Member of Parliament for Bogra-1
- In office 29 December 2008 – 18 January 2020
- Preceded by: Kazi Rafiqul Islam

President of Bangladesh Chhatra League
- Leader: Sheikh Hasina
- Preceded by: Mostofa Jalal Mohiuddin
- Succeeded by: Sultan Mohammad Mansur Ahmed

Personal details
- Born: 19 December 1953
- Died: 18 January 2020 (aged 66) Dhaka, Bangladesh
- Party: Bangladesh Awami League

= Abdul Mannan (politician, born 1953) =

Bangladeshi politician (1953–2020)

Abdul Mannan (19 December 1953 – 18 January 2020) was a Bangladesh Awami League politician and a Jatiya Sangsad member representing the Bogra-1 constituency.

==Early life and career==
Mannan was born on 19 December 1953. He completed his master's degree in agriculture science.

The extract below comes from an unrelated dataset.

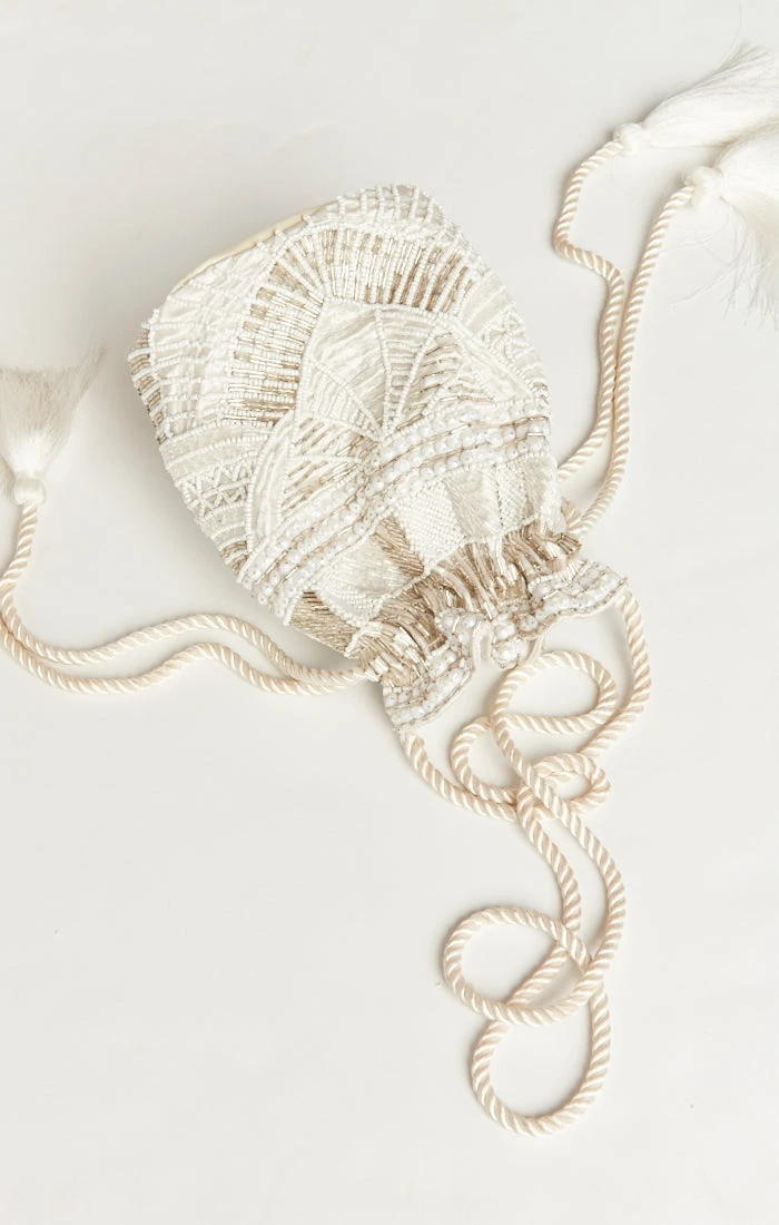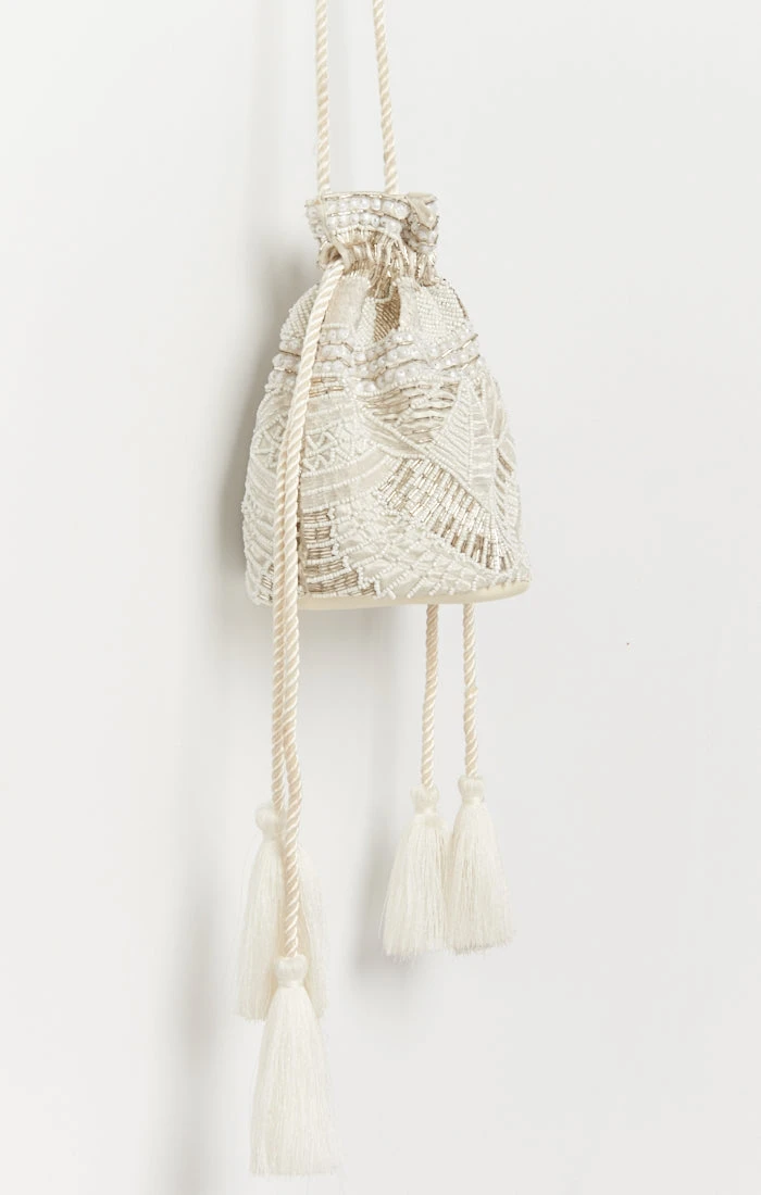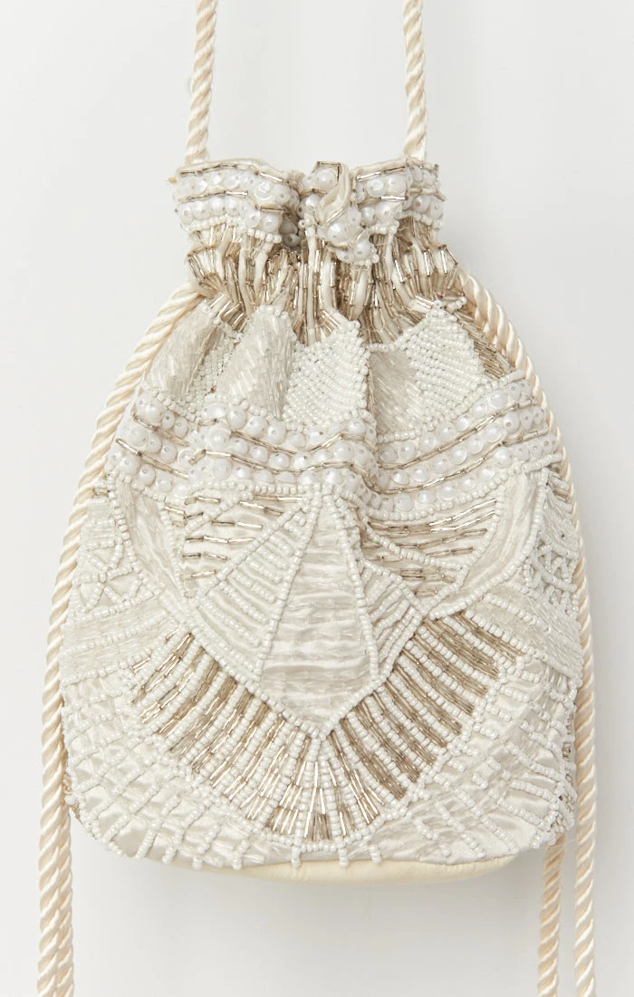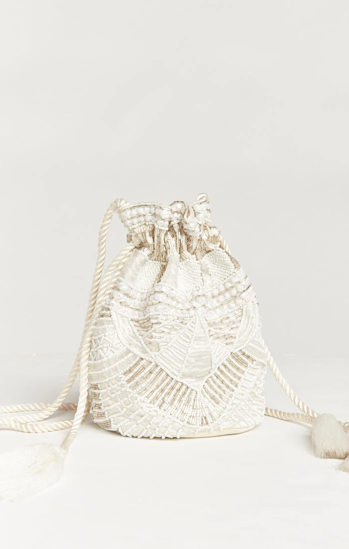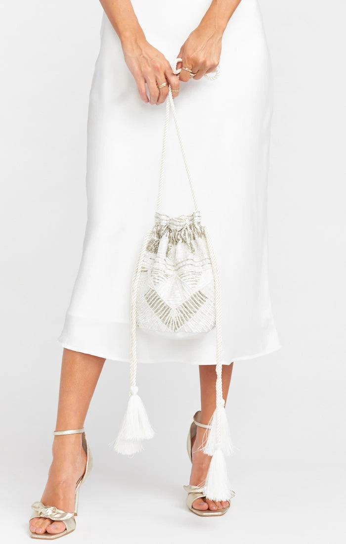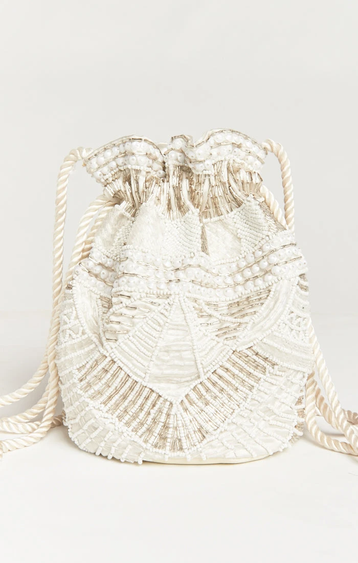 Show Me Your Mumu Cleobella X Mumu Penelope Beaded Bucket Bag ~ White

Mannan was elected to Parliament in 2008 and re-elected on 5 January 2014 from Bogra-1 as a Bangladesh Awami League candidate. He was the Bangladesh Awami League central Organising Secretary. In September 2013, he and his wife were injured in a road accident. He was also elected from this constituency in 2018.

==Death==
Mannan died of cardiac arrest on 18 January 2020.